4 thoughts on “Giving Positive Feedback on Writing Assignments”

  1. Yes, yes, yes! My grading rubrics often look a lot like lasquires series of questions and the evaluative sequence you suggest, only I try to keep the rubric for any one paper down to about six or seven questions and usually only rate them “yes, sort of (sometimes sort of + and sort of -), no.” The rubric helps them sort and make sense of the comments they get on the paper. I’ve also found it helps me identify patterns in what the students are struggling with so that I can use class time more effectively to address those problems.

    You may do this already, but if you don’t I find it’s helpful to put a check mark next to sentences or ideas that seem particularly well expressed, to help students get a sense of what they should be shooting for (and a squiggly line under passages that communicate particularly poorly).

    There’s a bit of management advice that I read once that has stuck with me. A CEO or something getting interviewed on how to get employees to produce their best work said that the transition between the positive feedback and the negative feedback should always be “and” rather than “but.” So rather than saying, “this paper does X well, but Y and Z need improvement,” you say something like “this paper does X well, and improving Y and Z would help it communicate X more effectively.” It’s a little thing, but now that I’ve tried it, I think that CEO was right–it helps students see the feedback they get as part of an ongoing process of improvement and not as some sort of summary statement on their ability.

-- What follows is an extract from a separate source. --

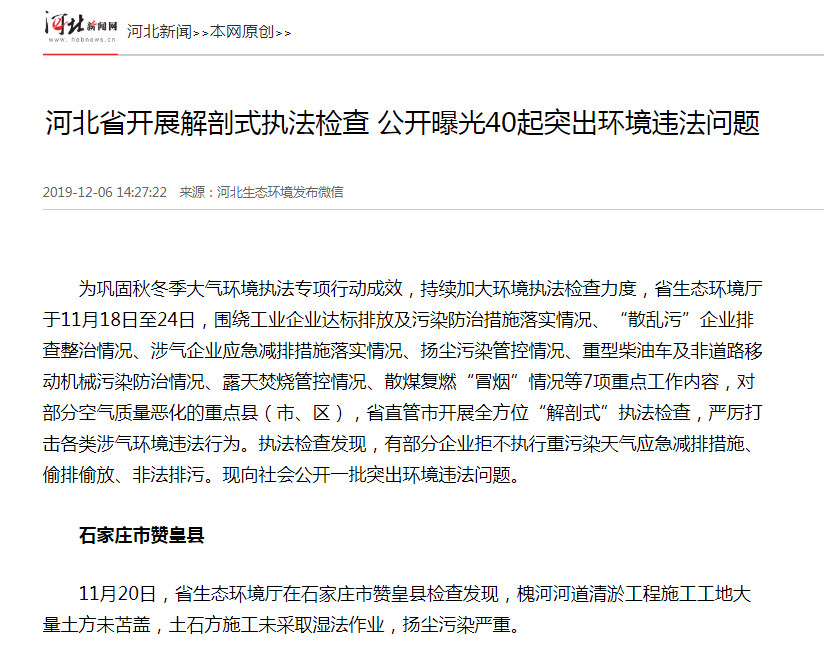 为巩固秋冬季大气环境执法专项行动成效,持续加大环境执法检查力度,成人视频 于11月18日至24日,围绕工业企业达标排放及污染防治措施落实情况、“散乱污”企业排查整治情况、涉气企业应急减排措施落实情况、扬尘污染管控情况、重型柴油车及非道路移动机械污染防治情况、露天焚烧管控情况、散煤复燃“冒烟”情况等7项重点工作内容,对部分空气质量恶化的重点县(市、区),省直管市开展全方位“解剖式”执法检查,严厉打击各类涉气环境违法行为。执法检查发现,有部分企业拒不执行重污染天气应急减排措施、偷排偷放、非法排污。现向社会公开一批突出环境违法问题。

  2. Using the list and a check-off system is a good idea, but it is not a rubric. However, it is probably better than a rubric and probably will be better received by students. Rubrics spell out expectations in chunks and can be confining and limiting. I do, however, like the list and also the fact that it addresses higher-order concerns, though also considers stylistic or sentence-level ones, though of lesser value. This list also allows for giving credit for the paper that goes off in a different direction, that offers something new, a new insight, a new approach, etc. A rubric could ignore those possibilities. Thanks for sharing the list and how you might implement it, but don’t belittle its value by calling it a “rubric.”

  3. The comment above puzzles me. A rubric is a tool like any other, to be adapted to the task at hand. They can be ghastly (poorly designed, ineffective, trivializing), but they don’t have to be.

  4. @good enough cook, I think your use of rubrics is a good one. I have been breaking the grade down for years for my students, trying to let them see where they are doing better and where they need to improve (mostly using categories of content, organization, grammar, mechanics).

    I have actually “graded” these using a 100 starting point and reducing points for errors. That means a technically correct but not interesting paper could easily earn a 100 in all the areas. I don’t think I have ever had one that did, but it is possible.

    I do think that giving them numbers lets them chart their improvement.

    @Judy Arzt, I have certainly seen rubrics which were problematic. I have also seen rubrics which simply identified areas and gave levels of success, not limiting or ignoring possibilities. The rubric I used for the visual rhetoric in-class essay, for example, had a category for “Above and Beyond Expectations,” as well as excellent, good, fairly good, problematic, deficient, not present.

    @good enough cook, I totally agree with you on rubrics. They are tools and tools, used by inexperienced folks, can destroy buildings rather than build them.